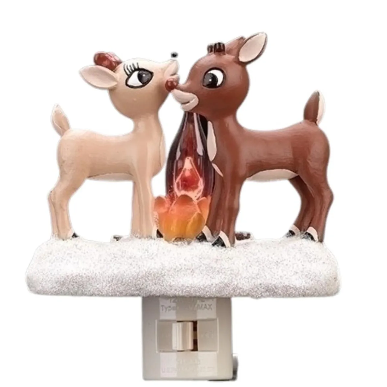 This adorable night light features Rudolph & Clarice nuzzling by the campfire to keep warm, with a flickering bulb to give off an illuminating orange glow.
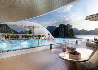 Imagine floating between the sky and the sea as you relax in the crystal-clear waters of the 50-m² infinity pool, one of the rarest facilities among Halong Bay luxury cruises. Using advanced ion salt technology instead of harsh chemicals, the pool provides a safe, eco-friendly, and luxurious bathing experience.
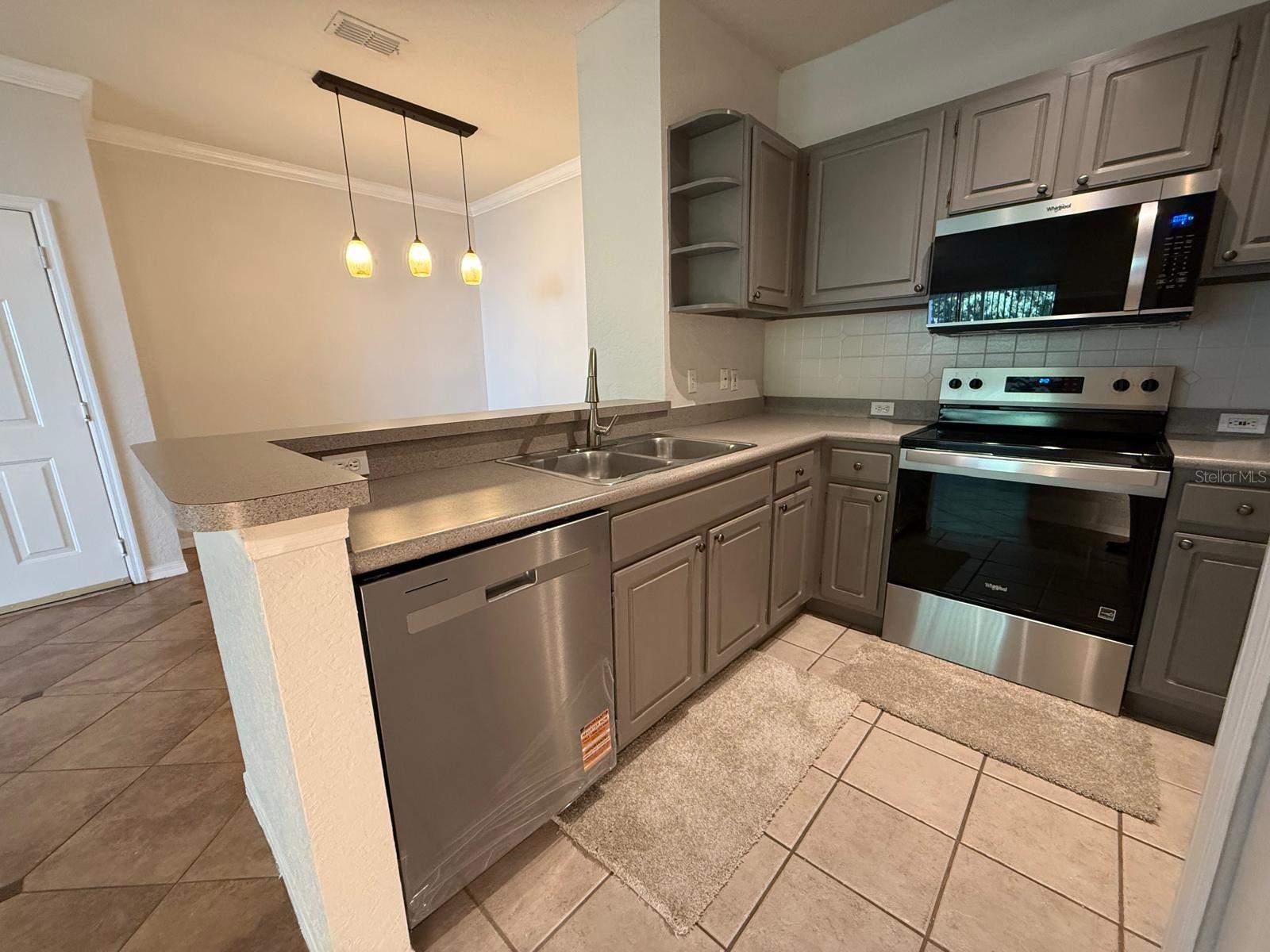 Beautifully renovated 2-bedroom, 1-bath ground-floor condo in a highly desirable gated community! This move-in ready home features an open floor plan with ceramic tile flooring in the living and dining areas, fresh paint throughout, and brand-new stainless steel appliances in the kitchen. A washer and dryer are also included for your convenience. Relax on your screened patio overlooking the pond, complete with extra storage space—perfect for morning coffee or unwinding after a long day. The community offers fantastic amenities and is ideally located near the RDV Sportsplex, Maitland office complexes, shopping, dining, and major highways. Water and sewer are included in the rent for added value. Don’t miss this opportunity—schedule your showing today! Equal Housing Opportunity.
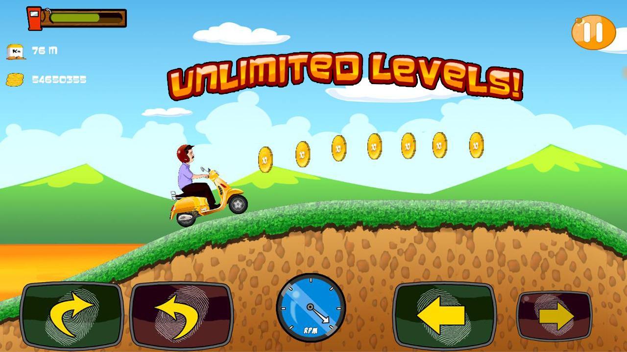 Mukundi Ki Sawari is a physics based 2D driving game featuring a Mission Mode and a Story Mode.Vehicles in the game features over-the-top physics and the levels are sharp enough which gives the you a sensation of real thrill during the game. The game starts with a bicycle which is the only unlocked item available, You can thereafter unlock the other vehicles and upgrade them further for more thrilling experience by using the in-game currency.
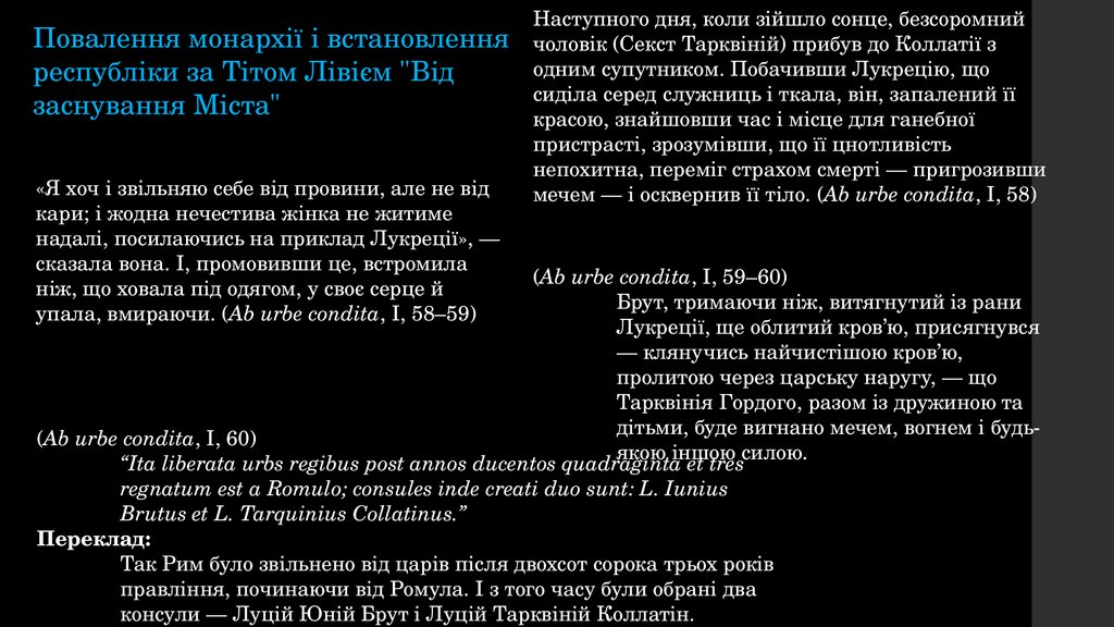 упала, вмираючи. (Ab urbe condita, I, 58–59)
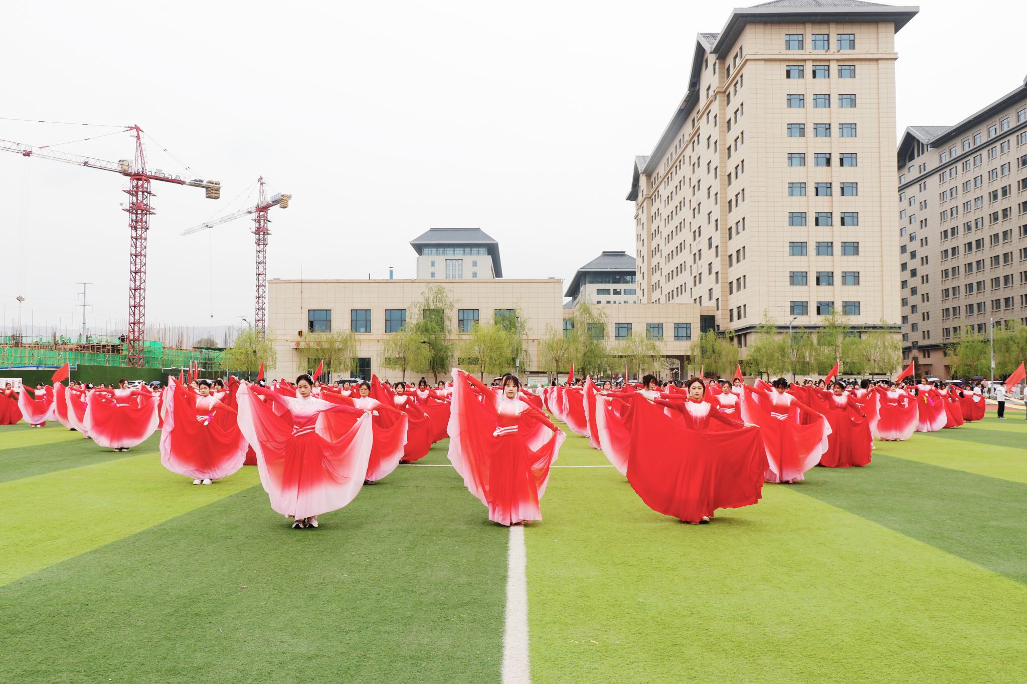 舞者红衣似火,以灵动身姿与精妙编排惊艳全场。或交错、或成环、或聚散,队形幻变间,将团队力量、蓬勃生机尽数展现。结尾处12条彩带象征着12个二级学院部,承载着彼此守望相助、团结一心的信念,烟花、火炬等队形,寄寓学院不断奋进、多元开拓的辉煌愿景。
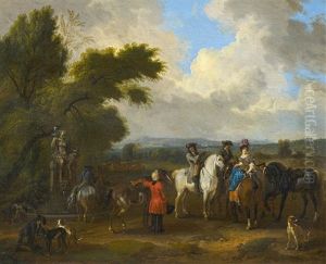 A Huntsman Resting At A Well Conversing With A Woman, A Boy Holding His Horse In Attendance
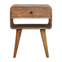 With its mid-century modern charm and timeless craftsmanship, this bedside table is handcrafted from 100% Solid Mango Wood in a warm Oak-ish finish. Designed with a smooth, curved silhouette, it features a single drawer adorned with an elegant brass knob for a refined touch, along with an open shelf for easy access to books or essentials. The sleek, tapered legs add a touch of Scandinavian elegance, making it a stylish yet functional addition to any bedroom or living space. Sustainable, durable, and versatile, this handmade piece brings effortless sophistication to your home
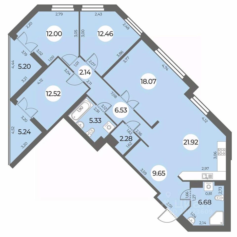 Площадь кухни21,9 м²
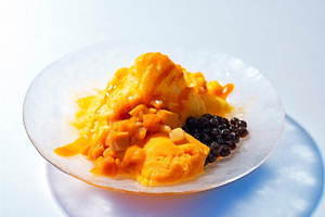 表参道ヒルズ内に店舗を構える中華の名店「蔭山樓」が提案するのは、マンゴー味の染み込んだふわふわ食感のかき氷をベースに、マンゴー果肉をふんだんにトッピングした一品。仕上げにモチモチのブラックタピオカとマンゴープリンをトッピングした、贅沢な台湾風かき氷となっている。
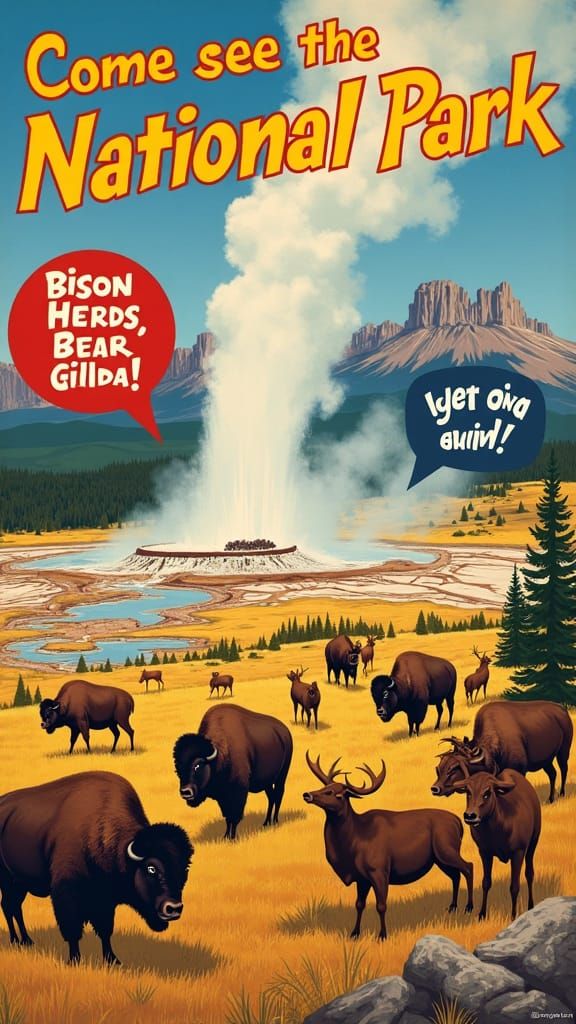 A vibrant travel poster of Yellowstone National Park, circa 1948, showcases Old Faithful and the park's wildlife. The retro design evokes Norman Rockwell and WPA-era posters.
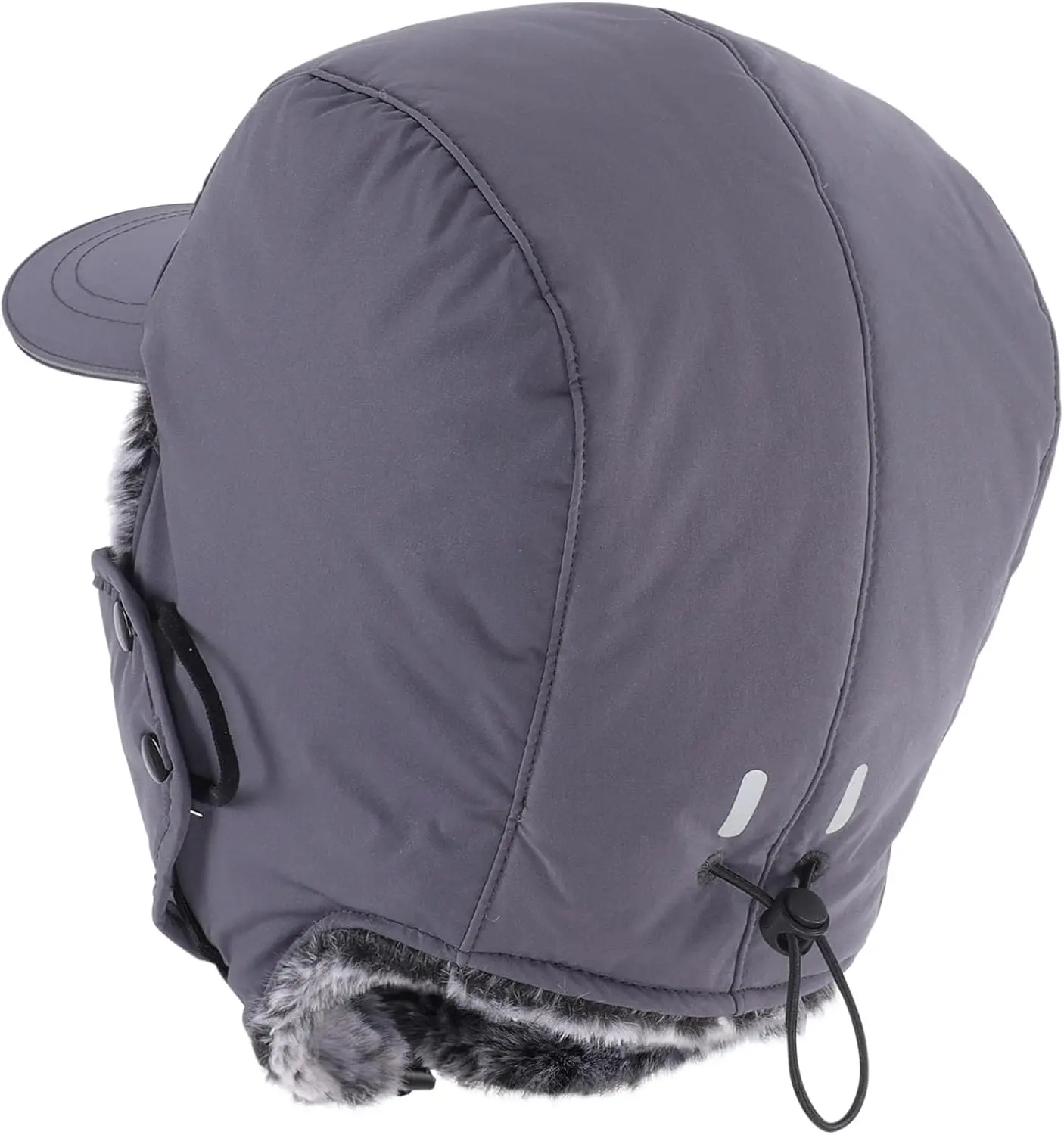 Premium waterproof outshell trapper hat with faux fur lining offers warmth an comfort.Reflective brim an back mark for visibility
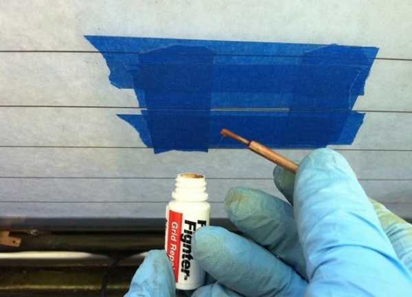 2. Как отремонтировать обогреватель заднего стекла при помощи токопроводящей пасты? Она наносится на места обрыва нитей. При этом захватите оборванные концы с обеих сторон по 2 см на каждую. Паста должна сохнуть сутки. Можно воспользоваться строительным феном и ускорить процесс высыхания.
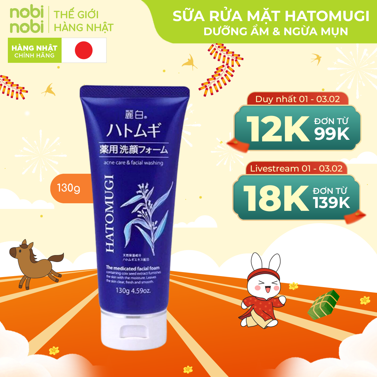 - Sữa Rửa Mặt Hatomugi Moisturizing & Facial Washing The Facial Foam 170g: phù hợp với mọi loại da, sản phẩm kết hợp với tẩy trang và sữa rửa mặt giúp làm sạch da nhanh chóng và tiện lợi
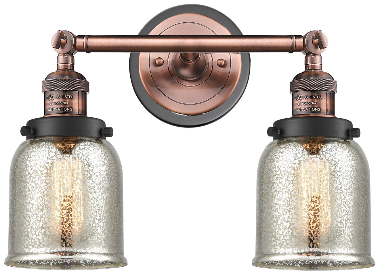 Bell 16"W 2 Light Copper Bath Vanity Light w/ Silver Plated Mercury Sh
━━━━
The entries above should be written out in full, and any picture in them left out.

 This adorable night light features Rudolph & Clarice nuzzling by the campfire to keep warm, with a flickering bulb to give off an illuminating orange glow.
 Imagine floating between the sky and the sea as you relax in the crystal-clear waters of the 50-m² infinity pool, one of the rarest facilities among Halong Bay luxury cruises. Using advanced ion salt technology instead of harsh chemicals, the pool provides a safe, eco-friendly, and luxurious bathing experience.
 Beautifully renovated 2-bedroom, 1-bath ground-floor condo in a highly desirable gated community! This move-in ready home features an open floor plan with ceramic tile flooring in the living and dining areas, fresh paint throughout, and brand-new stainless steel appliances in the kitchen. A washer and dryer are also included for your convenience. Relax on your screened patio overlooking the pond, complete with extra storage space—perfect for morning coffee or unwinding after a long day. The community offers fantastic amenities and is ideally located near the RDV Sportsplex, Maitland office complexes, shopping, dining, and major highways. Water and sewer are included in the rent for added value. Don’t miss this opportunity—schedule your showing today! Equal Housing Opportunity.
 Mukundi Ki Sawari is a physics based 2D driving game featuring a Mission Mode and a Story Mode.Vehicles in the game features over-the-top physics and the levels are sharp enough which gives the you a sensation of real thrill during the game. The game starts with a bicycle which is the only unlocked item available, You can thereafter unlock the other vehicles and upgrade them further for more thrilling experience by using the in-game currency.
 упала, вмираючи. (Ab urbe condita, I, 58–59)
 舞者红衣似火,以灵动身姿与精妙编排惊艳全场。或交错、或成环、或聚散,队形幻变间,将团队力量、蓬勃生机尽数展现。结尾处12条彩带象征着12个二级学院部,承载着彼此守望相助、团结一心的信念,烟花、火炬等队形,寄寓学院不断奋进、多元开拓的辉煌愿景。
 A Huntsman Resting At A Well Conversing With A Woman, A Boy Holding His Horse In Attendance
 With its mid-century modern charm and timeless craftsmanship, this bedside table is handcrafted from 100% Solid Mango Wood in a warm Oak-ish finish. Designed with a smooth, curved silhouette, it features a single drawer adorned with an elegant brass knob for a refined touch, along with an open shelf for easy access to books or essentials. The sleek, tapered legs add a touch of Scandinavian elegance, making it a stylish yet functional addition to any bedroom or living space. Sustainable, durable, and versatile, this handmade piece brings effortless sophistication to your home
 Площадь кухни21,9 м²
 表参道ヒルズ内に店舗を構える中華の名店「蔭山樓」が提案するのは、マンゴー味の染み込んだふわふわ食感のかき氷をベースに、マンゴー果肉をふんだんにトッピングした一品。仕上げにモチモチのブラックタピオカとマンゴープリンをトッピングした、贅沢な台湾風かき氷となっている。
 A vibrant travel poster of Yellowstone National Park, circa 1948, showcases Old Faithful and the park's wildlife. The retro design evokes Norman Rockwell and WPA-era posters.
 Premium waterproof outshell trapper hat with faux fur lining offers warmth an comfort.Reflective brim an back mark for visibility
 2. Как отремонтировать обогреватель заднего стекла при помощи токопроводящей пасты? Она наносится на места обрыва нитей. При этом захватите оборванные концы с обеих сторон по 2 см на каждую. Паста должна сохнуть сутки. Можно воспользоваться строительным феном и ускорить процесс высыхания.
 - Sữa Rửa Mặt Hatomugi Moisturizing & Facial Washing The Facial Foam 170g: phù hợp với mọi loại da, sản phẩm kết hợp với tẩy trang và sữa rửa mặt giúp làm sạch da nhanh chóng và tiện lợi
 Bell 16"W 2 Light Copper Bath Vanity Light w/ Silver Plated Mercury Sh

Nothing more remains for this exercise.